Я отправился к ней в пять часов вечера. Меня провели в спальню. Там я увидел в постели больную женщину средних лет с приятным, умным лицом. Это была г-жа Штерич.
Пригласив меня сесть, она, после обычных в настоящее время разговоров о последних бурных событиях, сказала:
— Я слышала о вас много хорошего. Знаю, что вы теперь в затруднительном положении. Если вы не найдете ничего для себя лучшего, я вам предлагаю квартиру и стол у себя.
Предложение было очень кстати, но ошеломило меня своей неожиданностью.
— Но чем же я в свою очередь могу быть вам полезен и отплатить за то добро, которое вы мне предлагаете?
— Этого вовсе не нужно, — отвечала она, — я просто желаю вам помочь как человеку, того заслуживающему. Если вам угодно, вы можете переехать ко мне в следующее же воскресенье.
Поговорив еще немного, я раскланялся и ушел домой в смущении и до сих пор еще ни на что не решился.
7 января 1826 года
Я все больше и больше удостоверяюсь в дружеском расположении ко мне Ростовцева. Он мне опять предлагал убежище у себя и с таким чувством, какое может внушить одна дружба.
Я, между прочим, познакомился у него еще с В.Н.Семеновым, который мне показался очень добрым человеком. Он служит при министре народного просвещения и сам вызвался поговорить обо мне с нашим ректором, с которым хорошо знаком. При экзамене я надеюсь на себя по всем предметам, хотя последнее время и не мог усидчиво заниматься. Зато латинский язык меня сокрушает. В нем я за весь прошлый год мало успел и в этом сам виноват: я не мог принудить себя хорошенько заняться изучением грамматических форм, которые скучны, но необходимы, а что необходимо, то должно быть сделано, невзирая на трудности. В таком случае следовало бы подражать Наполеону. Один инженерный генерал жаловался ему на трудности при взятии какой-то крепости. ‘Не в том дело, что трудно, генерал, а в том, можно ли ее взять?’ — ‘Да, консул, не невозможно’. — ‘Ну так вперед!’ — и крепость несколько часов спустя сдалась тому, у кого не было трудностей, а одна невозможность. Так и мне следовало бы поступить, и я не был бы теперь в необходимости прибегать к снисхождению добрых людей.
Я каждый вечер провожу у Ростовцева.
8 января 1826 года
У меня ни копейки денег. Я решительно не знал, что предпринять. И из этой беды вывел меня Ростовцев. Он так дружески сам предложил мне небольшую сумму, что вынул жало из всегда тяжелого положения сознавать себя кому-либо обязанным.
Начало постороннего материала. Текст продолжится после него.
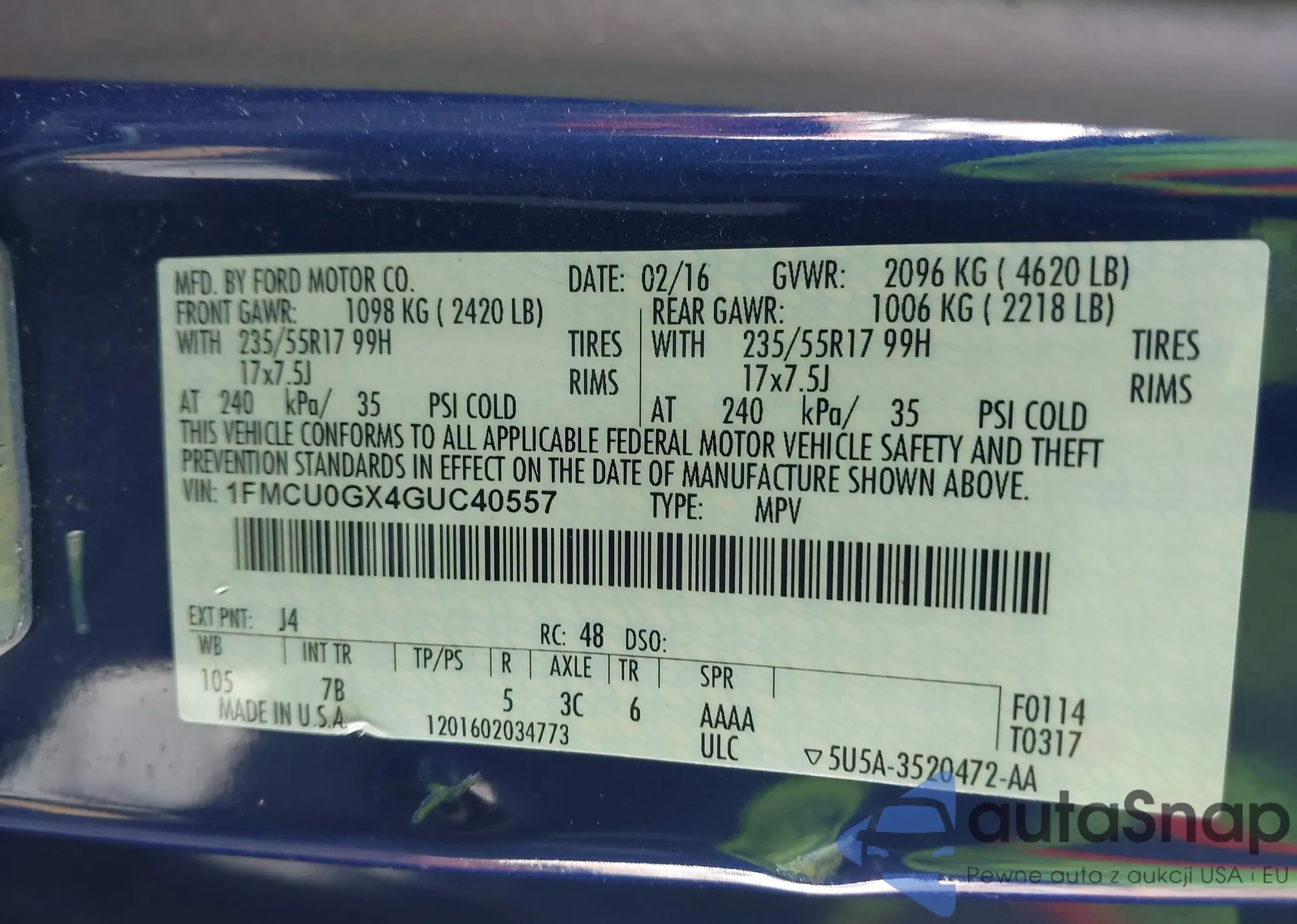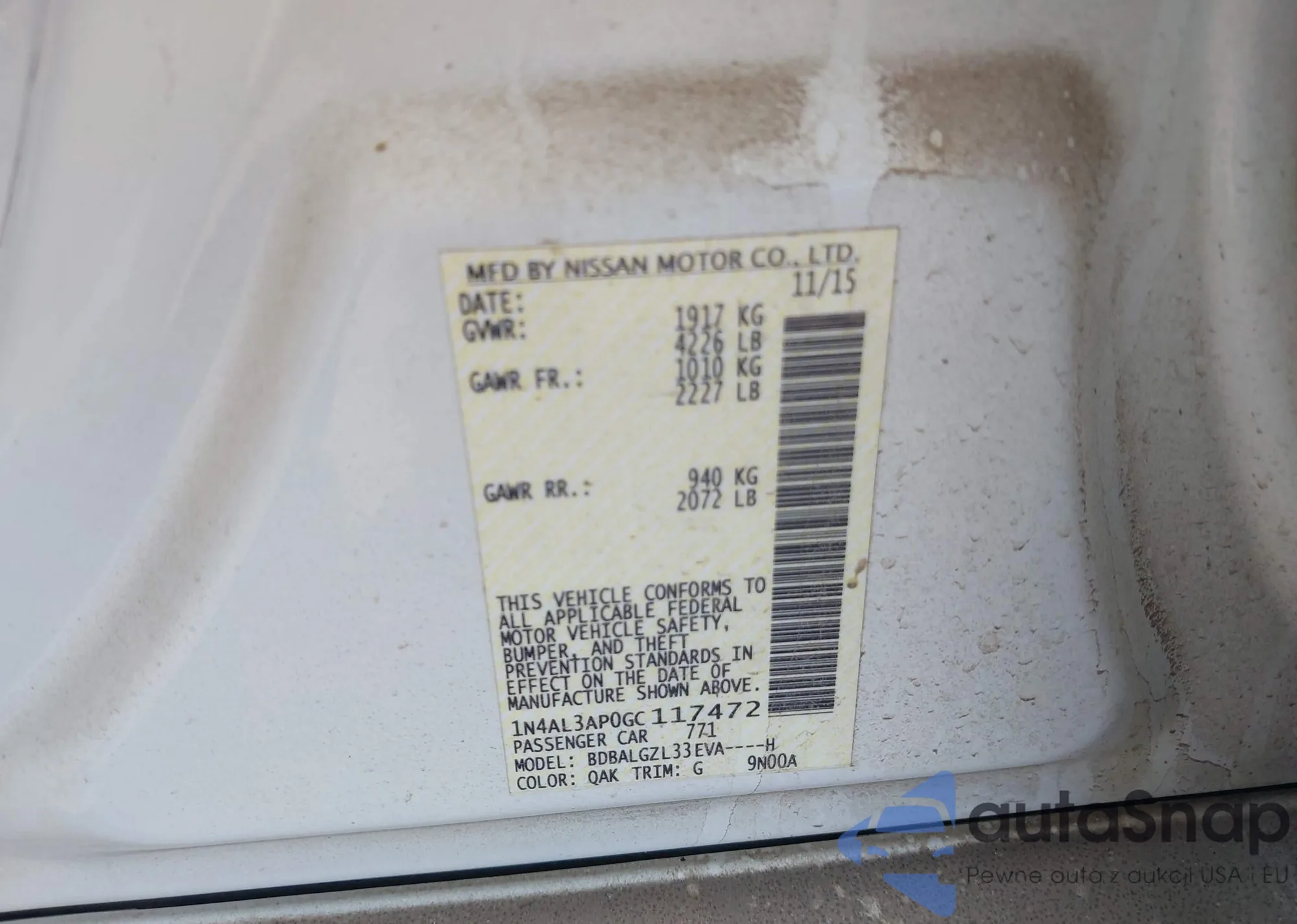 • VIN 1N4AL3AP0GC117472

После жестокой борьбы и продолжительных размышлений я решился перебраться к г-же Штерич. Быть не может, чтобы у меня там не нашлось дела.
9 января 1826 года Сегодня сдал я первый экзамен из богословия. Получил первые баллы, но недоволен собою: я отвечал не так точно и ясно, как хотел бы и мог бы.
10 января 1826 года
Сегодня я переселился в дом г-жи Штерич. Мне отведена опрятная, хорошая комната. Предшествовавшие моему переезду дни я жестоко терзался мыслью, что не буду иметь в этом доме никакой определенной должности, которая избавляла бы меня от печальной необходимости получать кров и пищу даром. Напрасные терзания. Светская женщина, конечно, умеет обрабатывать свои дела лучше, чем неопытный студент угадывать ее намерения.
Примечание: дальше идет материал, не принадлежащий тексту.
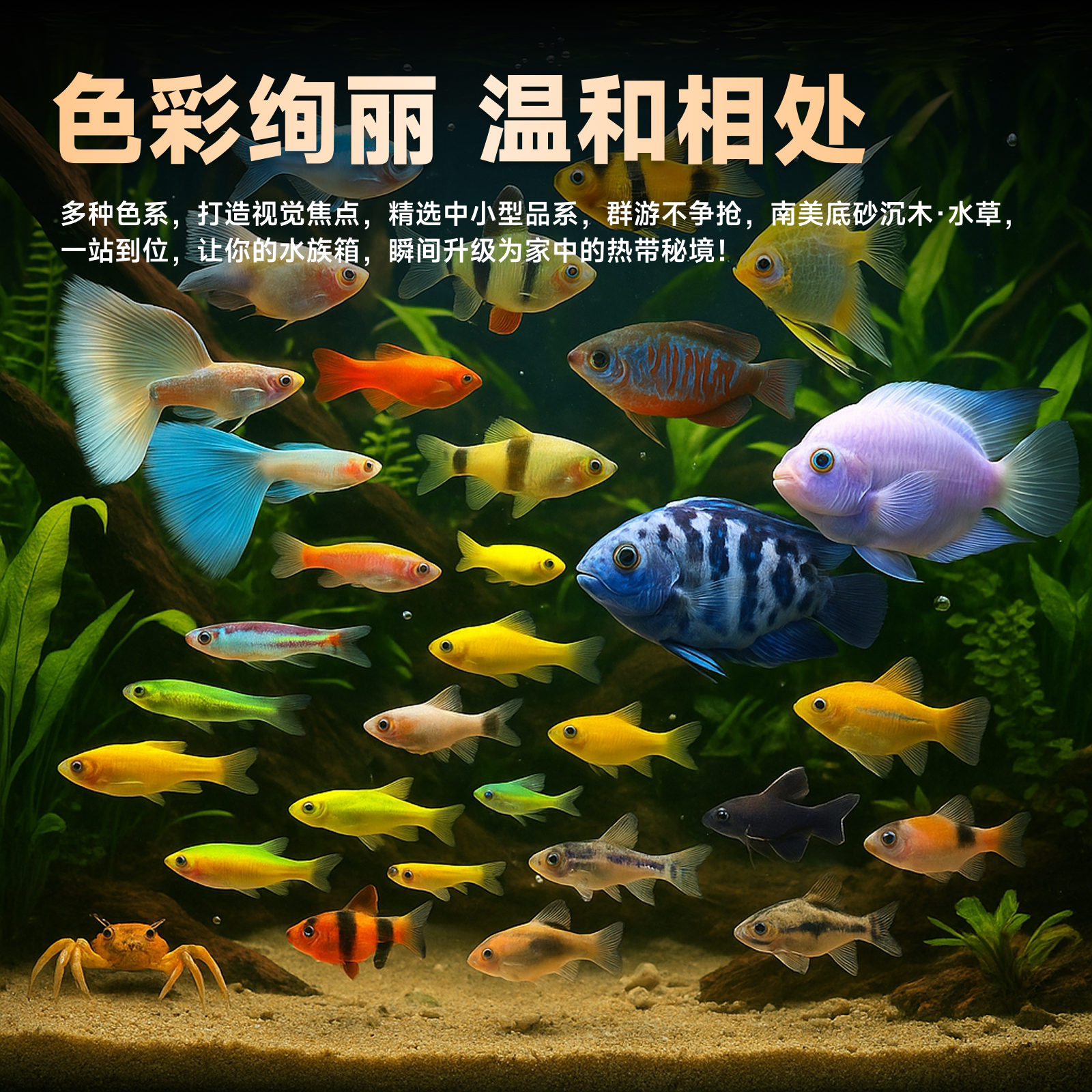 斑马鱼、孔雀鱼、金鱼、灯科鱼(如红绿灯鱼)是常见的小型淡水观赏鱼,适合初学者饲养。斑马鱼活泼好动,适应力强,对水质要求不高;孔雀鱼色彩艳丽,繁殖力强,喜温暖水质;金鱼为经典冷水鱼,耐寒性强,适合庭院鱼池或大型鱼缸;红绿灯鱼体色鲜艳,群游效果佳,喜弱酸软水。这些鱼类多为杂食性,喂食简单,日常管理轻松。其中金鱼和斑马鱼更耐低温,适合冷水环境,而孔雀鱼和灯科鱼偏好24–28℃水温。整体而言,它们体型小巧、性格温和,是打造美观生态水族箱的理想选择,兼具观赏性与易养性。
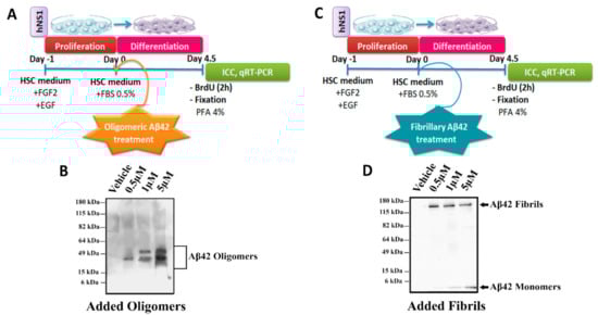 Schematic representation of the experiments and WB analysis. Schematic view of hNS1 cells’ differentiation protocol (See Materials and Methods section) for (A) Aβ42 oligomers and (C) Aβ42 fibrils. (B) Representative WB analysis of Aβ42 forms (using 4G8 antibody) present in extracellular medium used for oligomeric Aβ42 treatment. (D) Representative WB analysis of Aβ42 forms (using 4G8 antibody) present in extracellular medium used for fibrillary Aβ42 treatment.

Еще вчера г-жа Штерич пригласила меня к себе обедать и после разных околичностей дала мне заметить, что ей не будет противно, если я уделю несколько своего времени на то, чтобы читать русскую словесность ее сыну, а также и некоторые другие науки (если у меня будут свободные часы!), нужные для дипломатической службы, на которую этот молодой человек недавно поступил.
Слова г-жи Штерич сняли с моего сердца тяжелое бремя. Я свободнее вздохнул и пожалел только, что она не выяснила мне сразу своих намерений. Признательность моя от того не уменьшилась бы, а уважение мое к г-же Штерич только возросло бы. Как бы то ни было, я теперь чувствую себя спокойным: получая две необходимейшие потребности жизни — кров и пищу, я буду платить за них своим трудом.
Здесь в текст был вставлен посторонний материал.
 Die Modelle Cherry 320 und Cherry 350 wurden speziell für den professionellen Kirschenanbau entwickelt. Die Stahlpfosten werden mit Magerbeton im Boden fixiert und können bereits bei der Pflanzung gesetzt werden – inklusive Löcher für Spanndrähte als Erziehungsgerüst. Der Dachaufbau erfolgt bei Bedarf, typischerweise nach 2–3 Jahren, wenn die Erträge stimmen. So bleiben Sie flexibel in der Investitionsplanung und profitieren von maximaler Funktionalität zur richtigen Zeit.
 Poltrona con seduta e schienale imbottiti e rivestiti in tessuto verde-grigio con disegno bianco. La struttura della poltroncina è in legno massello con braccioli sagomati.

Сын г-жи Штерич — молодой человек 17 лет. У него, кажется, доброе сердце и ясный ум. Физиономия его очень приятная, с легким оттенком привлекательной задумчивости. Он получил отличное воспитание, в котором нравственность не считалась делом случайным. Не лишен он и некоторых познаний. Мать его в этом отношении поистине редкая женщина. Она имеет здравые понятия о воспитании и думает, что русский дворянин не должен быть всем обязан своим рабам, но также кое-чем и самому себе. Она путешествовала с сыном по Германии и по Италии, стараясь совершенствовать его воспитание.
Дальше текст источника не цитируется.